══ Input for this task

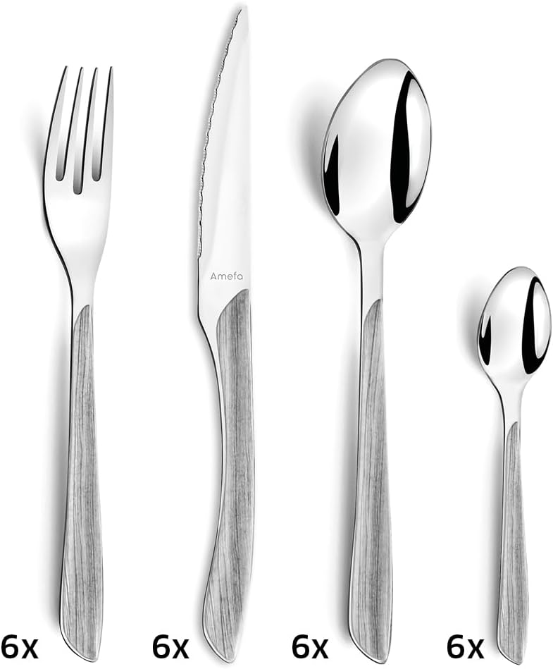 Amefa ECLAT Besteck Set | NATURE Grau Holz | Essbesteck 24-teilig für 6 Personen | Edelstahl rostfre
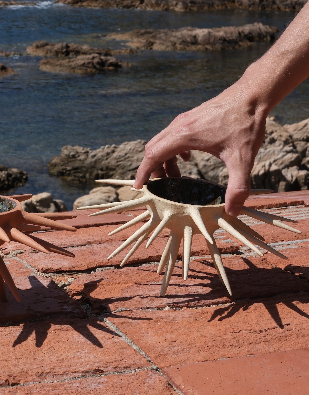 Oursins, anémones, raies et coraux, sentinelle menacée des fonds marins, m’ont inspiré ces pièces uniques en faïence ou en grès. Des créations entièrement façonnées à la main, mêlant tradition céramique et design contemporain, en hommage à la beauté fragile de la Méditerranée.
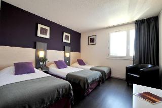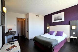 The hotel is located just 3 min from the beach, Carnon and Palavas. It is right by the exhibition centre and directly in front of the commercial centre. A number of restaurants to suit different tastes and budgets can also be found within walking distance. La Grande-Motte and the Camargue are just 15 min away, Montpellier city centre and its train station are 10 min away; and the international airport is only 3 min from the hotel.||This hotel in south Montpellier offers a warm and personalised welcome to all its guests. Completely renovated in 2005, the hotel offers a total of 74 spacious guest rooms on 2 floors, as well as a relaxation lounge with large television screen and bar. Further facilities include an entrance hall with 24-hour reception, a breakfast room, a conference facility, a WLAN access point and garage parking for those arriving by car.||The rooms are spacious (21 m²), with one double or 2 single beds, individual air conditioning and heating, an LCD flat-screen TV with Canal + and an en suite bathroom with bathtub. A direct dial telephone and Internet access also come as standard.||There is a golf course just 5 km away.||Guests can take advantage of the substantial and varied breakfast.||On the A9 motorway take exit 29 for Montpellier-Est, towards Les Plages La Grande Motte, and 2 km later exit at Parc des Expositions. The hotel is 400 m ahead on the right-hand side.
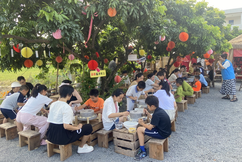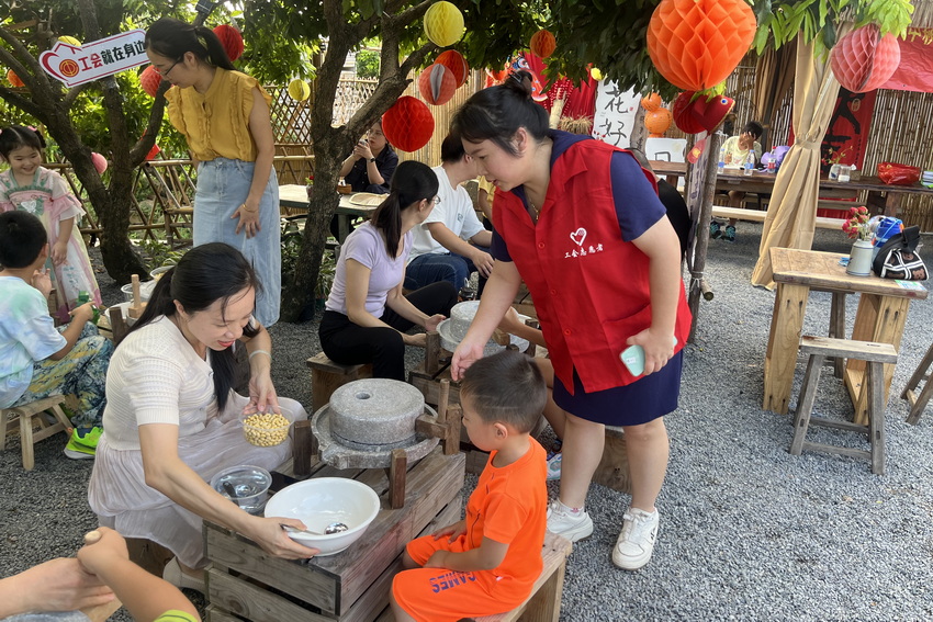 在下陈书院欢喜小院,大家学习了古法石磨豆浆的制作方法,在店家和社工的引导下,亲子互相合作,大手拉小手一点一点地放豆子、转磨盘。
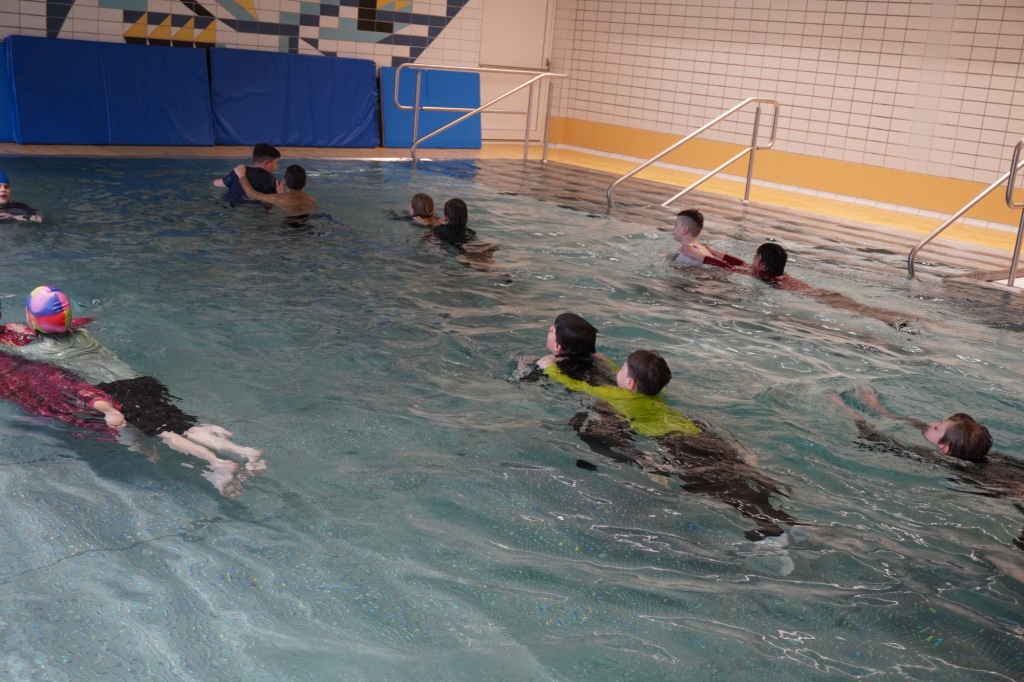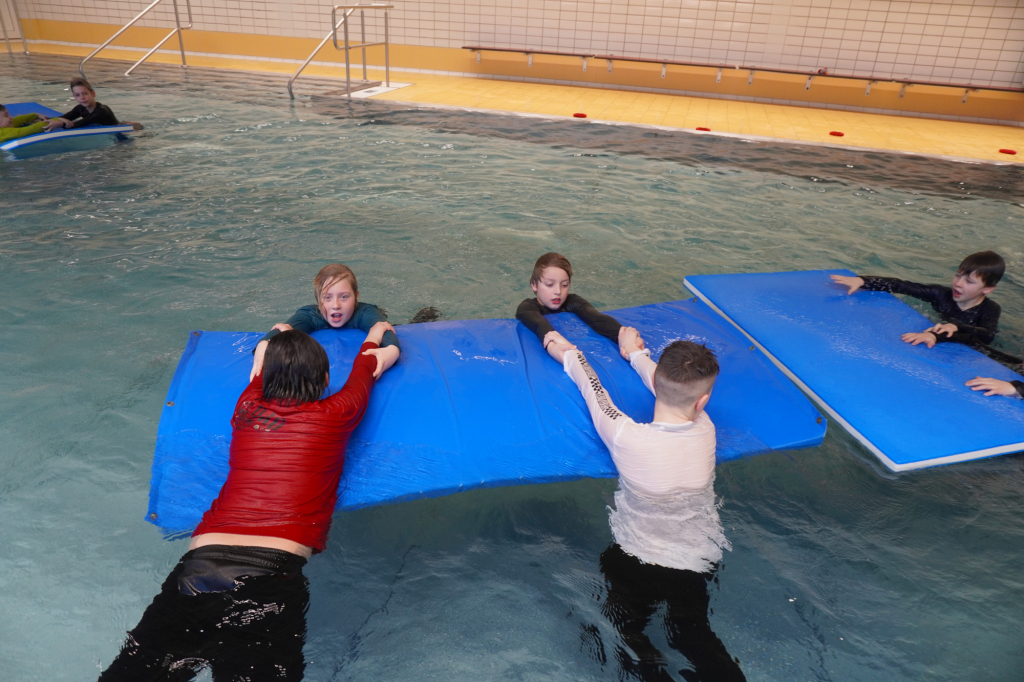 Auch die Fünftklässler hatten viel Spaß beim Schlafanzugschwimmen. Zusätzlich zu den Übungen zur Selbstrettung lernten sie ihre Mitschüler abzuschleppen.

════

## Requirement
Every line of the data above is to be repeated exactly; the images are to be left out.

## Answer for this exercise
 Amefa ECLAT Besteck Set | NATURE Grau Holz | Essbesteck 24-teilig für 6 Personen | Edelstahl rostfre
 Oursins, anémones, raies et coraux, sentinelle menacée des fonds marins, m’ont inspiré ces pièces uniques en faïence ou en grès. Des créations entièrement façonnées à la main, mêlant tradition céramique et design contemporain, en hommage à la beauté fragile de la Méditerranée.
 The hotel is located just 3 min from the beach, Carnon and Palavas. It is right by the exhibition centre and directly in front of the commercial centre. A number of restaurants to suit different tastes and budgets can also be found within walking distance. La Grande-Motte and the Camargue are just 15 min away, Montpellier city centre and its train station are 10 min away; and the international airport is only 3 min from the hotel.||This hotel in south Montpellier offers a warm and personalised welcome to all its guests. Completely renovated in 2005, the hotel offers a total of 74 spacious guest rooms on 2 floors, as well as a relaxation lounge with large television screen and bar. Further facilities include an entrance hall with 24-hour reception, a breakfast room, a conference facility, a WLAN access point and garage parking for those arriving by car.||The rooms are spacious (21 m²), with one double or 2 single beds, individual air conditioning and heating, an LCD flat-screen TV with Canal + and an en suite bathroom with bathtub. A direct dial telephone and Internet access also come as standard.||There is a golf course just 5 km away.||Guests can take advantage of the substantial and varied breakfast.||On the A9 motorway take exit 29 for Montpellier-Est, towards Les Plages La Grande Motte, and 2 km later exit at Parc des Expositions. The hotel is 400 m ahead on the right-hand side.
 在下陈书院欢喜小院,大家学习了古法石磨豆浆的制作方法,在店家和社工的引导下,亲子互相合作,大手拉小手一点一点地放豆子、转磨盘。
 Auch die Fünftklässler hatten viel Spaß beim Schlafanzugschwimmen. Zusätzlich zu den Übungen zur Selbstrettung lernten sie ihre Mitschüler abzuschleppen.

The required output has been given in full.